# Work required
Below are entries with pictures in them. Output exactly the lines starting at the line with "This is the" and ending at the line with "Rare vintage Weimar", both included, but not the pictures.

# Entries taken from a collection
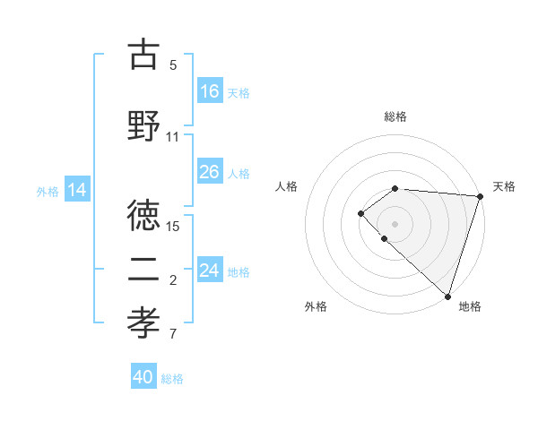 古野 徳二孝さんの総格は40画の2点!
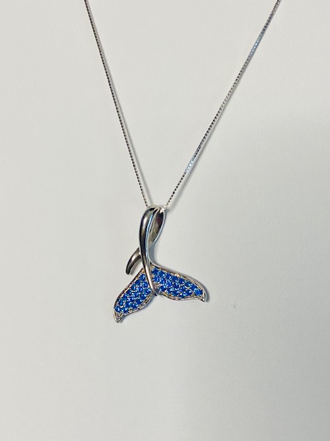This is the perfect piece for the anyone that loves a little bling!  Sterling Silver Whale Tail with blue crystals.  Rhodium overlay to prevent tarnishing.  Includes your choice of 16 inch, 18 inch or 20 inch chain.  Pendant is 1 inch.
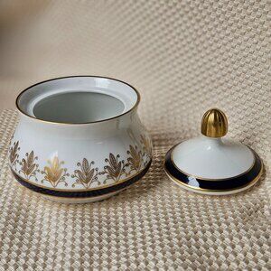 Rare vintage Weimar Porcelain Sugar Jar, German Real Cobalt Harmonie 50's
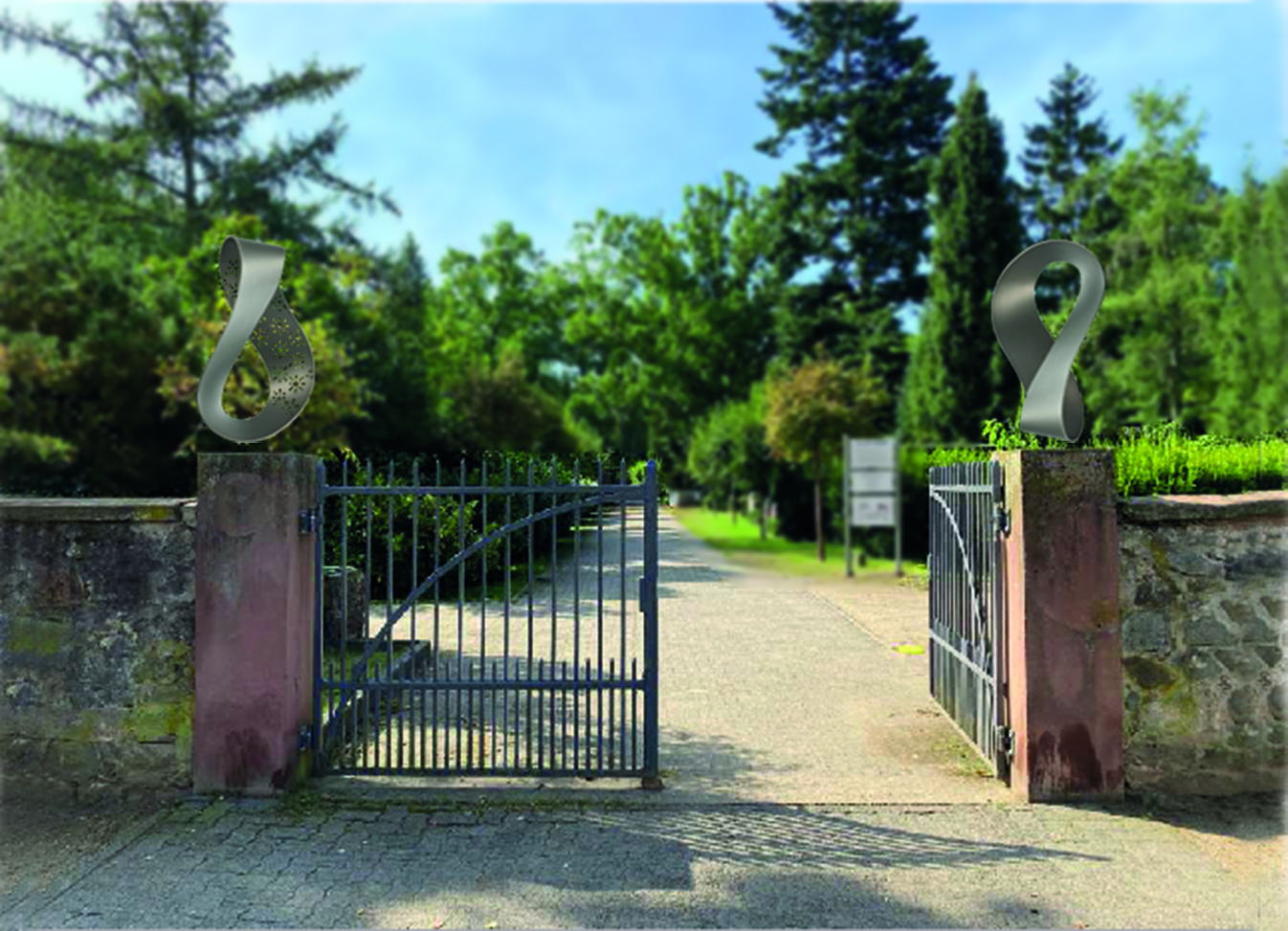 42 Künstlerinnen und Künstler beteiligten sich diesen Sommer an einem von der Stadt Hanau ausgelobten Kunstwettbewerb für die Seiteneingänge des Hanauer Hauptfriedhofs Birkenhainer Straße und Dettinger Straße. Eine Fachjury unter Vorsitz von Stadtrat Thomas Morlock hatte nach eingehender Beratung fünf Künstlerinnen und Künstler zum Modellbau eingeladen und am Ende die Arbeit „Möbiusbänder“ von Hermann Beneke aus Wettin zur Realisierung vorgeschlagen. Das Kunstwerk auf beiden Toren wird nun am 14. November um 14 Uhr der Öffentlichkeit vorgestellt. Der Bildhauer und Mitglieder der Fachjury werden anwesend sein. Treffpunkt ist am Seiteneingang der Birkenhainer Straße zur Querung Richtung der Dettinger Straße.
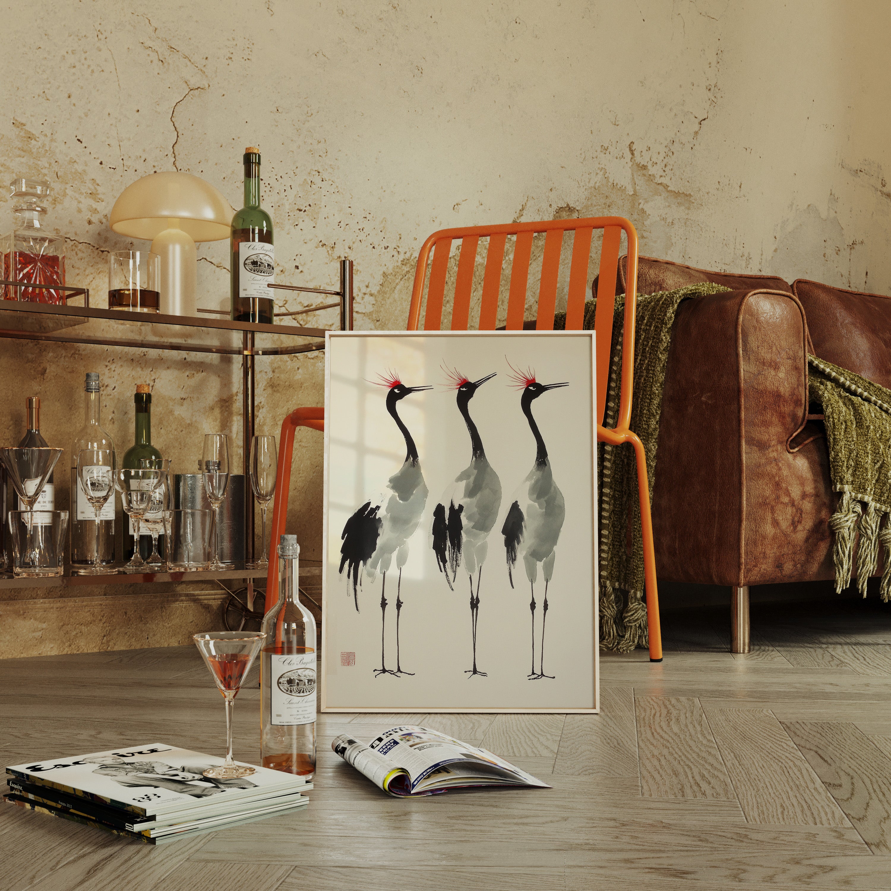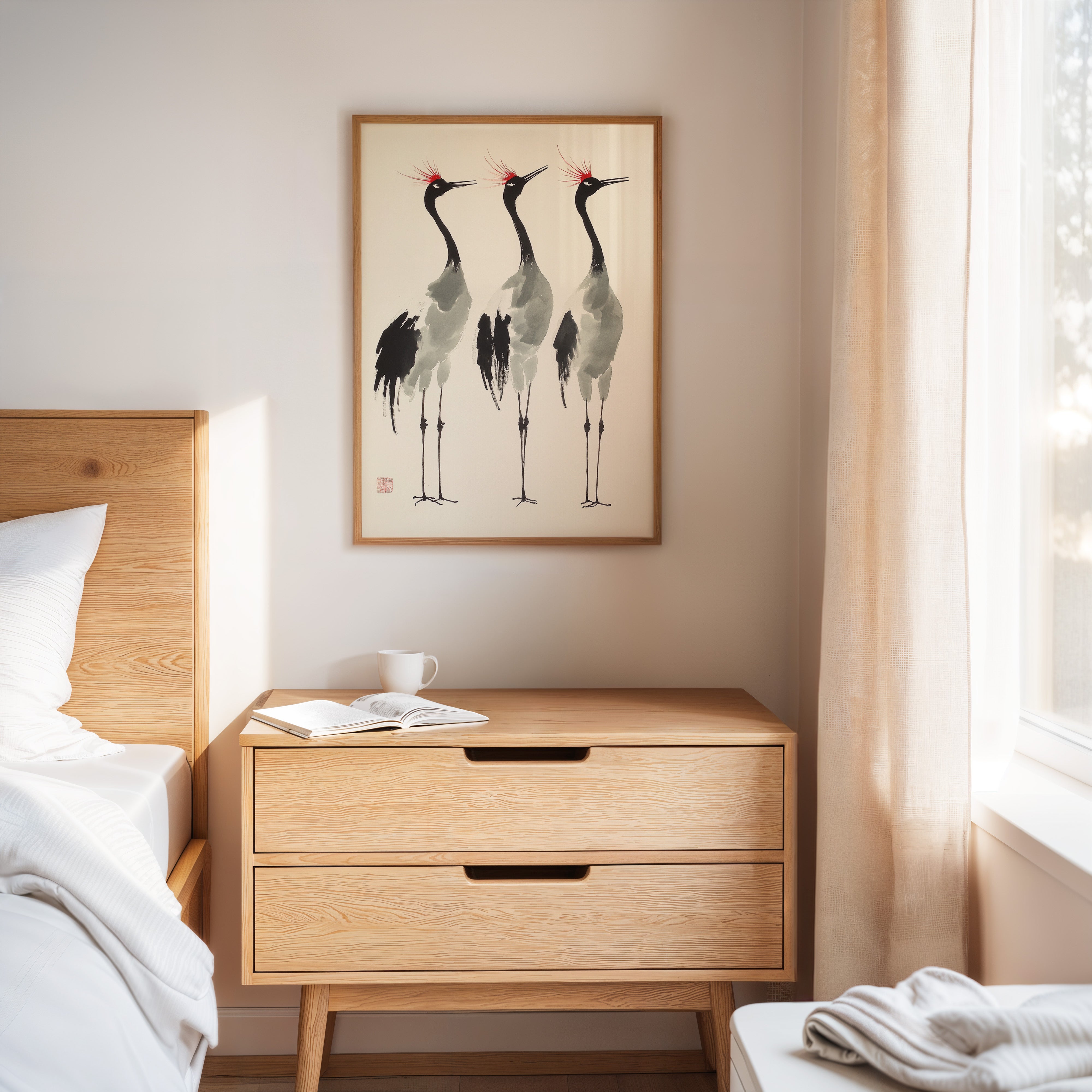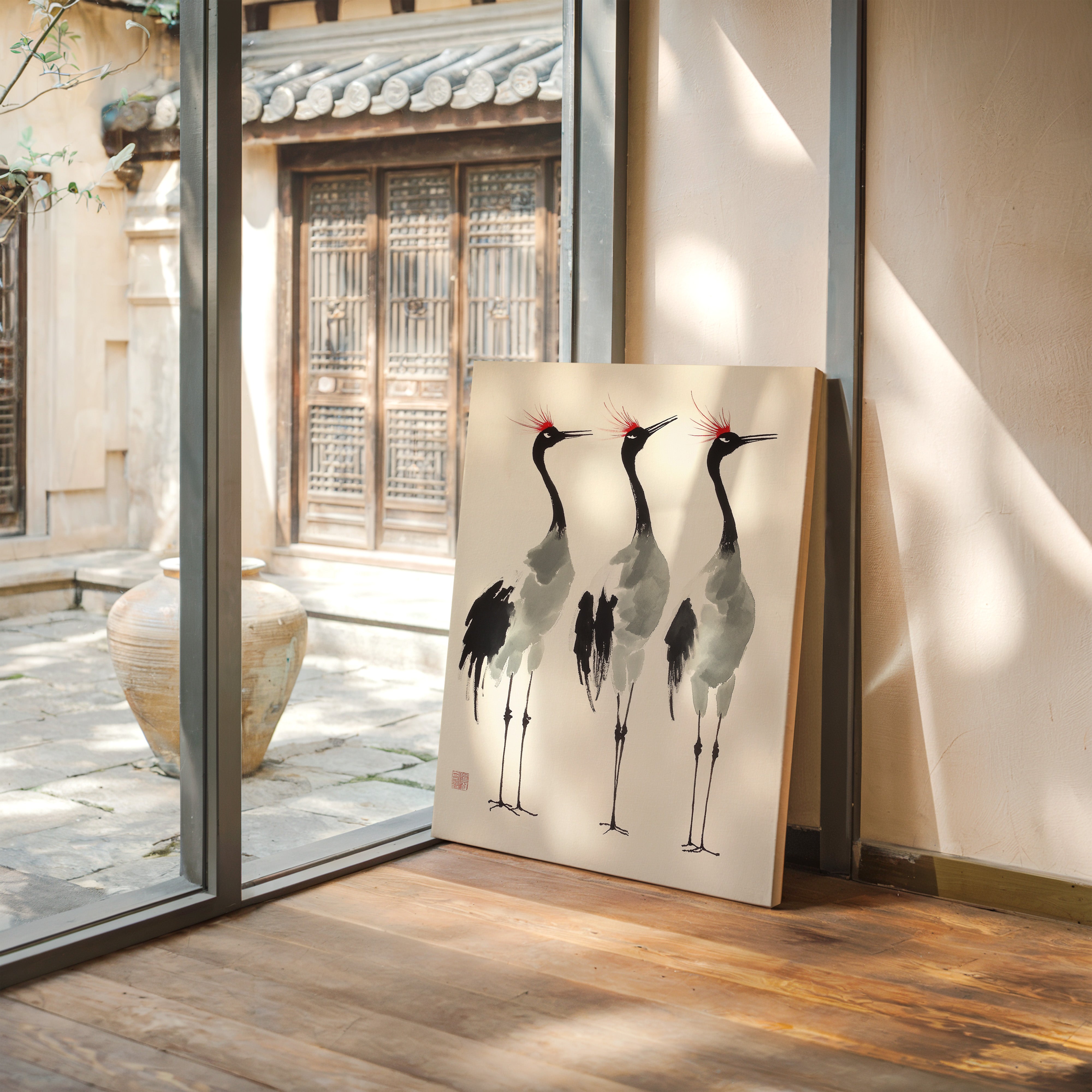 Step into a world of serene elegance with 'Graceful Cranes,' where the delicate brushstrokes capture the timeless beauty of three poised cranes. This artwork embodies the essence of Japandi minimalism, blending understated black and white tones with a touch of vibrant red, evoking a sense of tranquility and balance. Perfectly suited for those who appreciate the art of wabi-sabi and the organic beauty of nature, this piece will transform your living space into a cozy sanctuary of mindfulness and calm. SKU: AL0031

# Output for this task
This is the perfect piece for the anyone that loves a little bling!  Sterling Silver Whale Tail with blue crystals.  Rhodium overlay to prevent tarnishing.  Includes your choice of 16 inch, 18 inch or 20 inch chain.  Pendant is 1 inch.
 Rare vintage Weimar Porcelain Sugar Jar, German Real Cobalt Harmonie 50's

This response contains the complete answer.